On ne peut parler d’innovation sans comprendre qu’elle est dangereuse, par nature.

  • Comme le montre l’exemple des supbrimes ci-dessous, une majorité « d’innovations » sont des attrape-nigauds. C’est la problématique de l’hypocrisie : devins romains, médecins de Molière, financiers américains qui font croire qu’ils n’ont plus d’actifs risqués, entrepreneurs de la Bulle Internet qui annonçaient la transformation du monde.
  • Même lorsqu’elle est une réelle avancée, l’innovation est redoutable :
  • L’innovation détruit le tissu social pour pouvoir le reconstruire à sa norme (c’est le phénomène de « destruction créatrice »). C’est ainsi que l’éclairage électrique a balayé l’industrie de l’éclairage au gaz, que la presse traditionnelle est secouée par la montée d’Internet, que Google menace Microsoft…
  • L’innovation demande une mise au point, qui n’est pas sans dangers. Un des premiers usages commerciaux de produits radioactifs fût une tentative de traitement de l’impuissance. La première centrale nucléaire civile (Windscale en Angleterre) a connu un accident majeur dont on a peu parlé, mais qui n’a dû qu’à un hasard de ne pas être aussi dévastateur que Tchernobyl. Nous ne savons toujours pas traiter les déchets nucléaires…
  • On perd des plumes à apprivoiser l’innovation la mieux au point. Robert Solow, prix Nobel d’économie, disait que les ordinateurs étaient partout sauf dans ses chiffres : ils ne contribuaient pas aux gains de productivité de l’entreprise. En d’autres termes, ils ne constituent pas un bon investissement. Ce qui ne signifie pas que l’ordinateur soit mauvais en soi, mais que l’entreprise ne sait pas l’utiliser correctement.
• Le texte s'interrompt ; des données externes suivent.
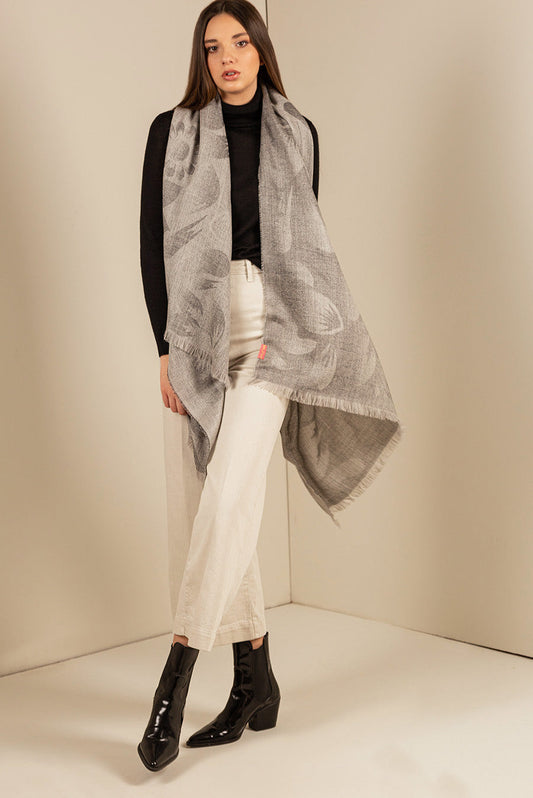 Estola Zulma en tonalidad gris, con un diseño de colores degradados, presenta bordes con flecos...
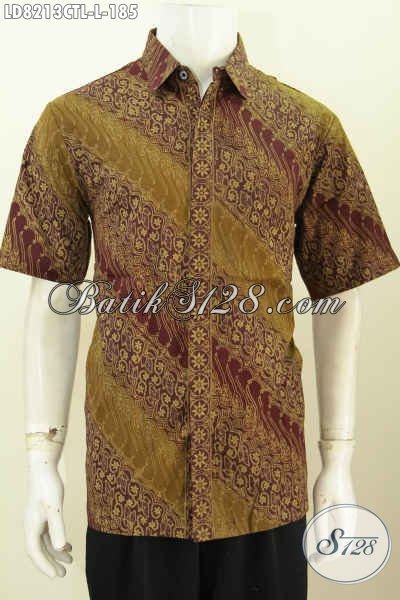 Baju Kemeja Batik Solo Elegan Dan Mewah, Pakaian Batik Jawa Tengah Halus Cap Tulis Lasem Desain Modern Pas Banget Buat Ke Kantor [LD8213CTL-L]
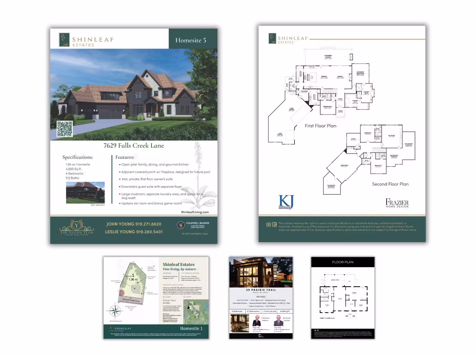 From homesite signs to office displays, we design high-quality, custom signage to grab attention and guide potential buyers to your listings. Our designs are tailored to reflect your brand and highlight the properties you represent.
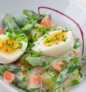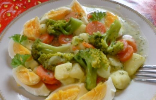 Zutaten für Personen Rezept mit Bild: Raffiniertes Eier-Ragout mit Gemüse Bild einstellen 500 g Kartoffeln 400 g Möhren 400 g Brokkoli Salz 8 Eier 2 Tüten Kräuter-Käse-Soße für je 1/4 Lit [...]

On ne peut pas parler d’innovation sans comprendre, aussi, que l’entreprise lui est congénitalement impropre:

  • Elle est là pour produire. C’est-à-dire pour faire toujours la même chose. Or, l’innovation est imprévisible, non maîtrisable… Introduisez une innovation mal dégrossie dans votre usine, désastre. Vous ne pouvez plus tenir vos engagements, vous perdez votre réputation, le marché ne veut plus de vous.

Comment combiner la nécessaire répétitivité des processus de l’entreprise et le caractère échevelé de l’innovation ? Question ardue.

Mon idée? Utiliser pour l’entreprise ce qui marche ailleurs, et le généraliser : fournir à l’innovation des espaces isolés, d’apprentissage. Ce sont les laboratoires ou « Instituts Pasteur ». Une fois l’innovation maîtrisée elle peut être transmise aux processus de l’entreprise.
Mission d’un Institut Pasteur ?

  1. Être en veille permanente vis-à-vis de ce qui est nouveau. La nouveauté n’est pas que technologique : la comptabilité, par exemple, est aussi source d’innovations, comme le montre l’histoire récente des USA. Probablement, il faut traiter tout ce qui vient des USA comme une innovation.
  2. Se demander si c’est une vraie ou une fausse innovation.
  3. Évaluer son impact (direct et indirect) sur le métier de l’entreprise, et la stratégie appropriée. Les techniques utiles à l’exercice sont celles de stratégie en environnement incertain. Elles seront examinées dans une prochaine note.
  4. En déduire comment faire évoluer les procédures de l’entreprise.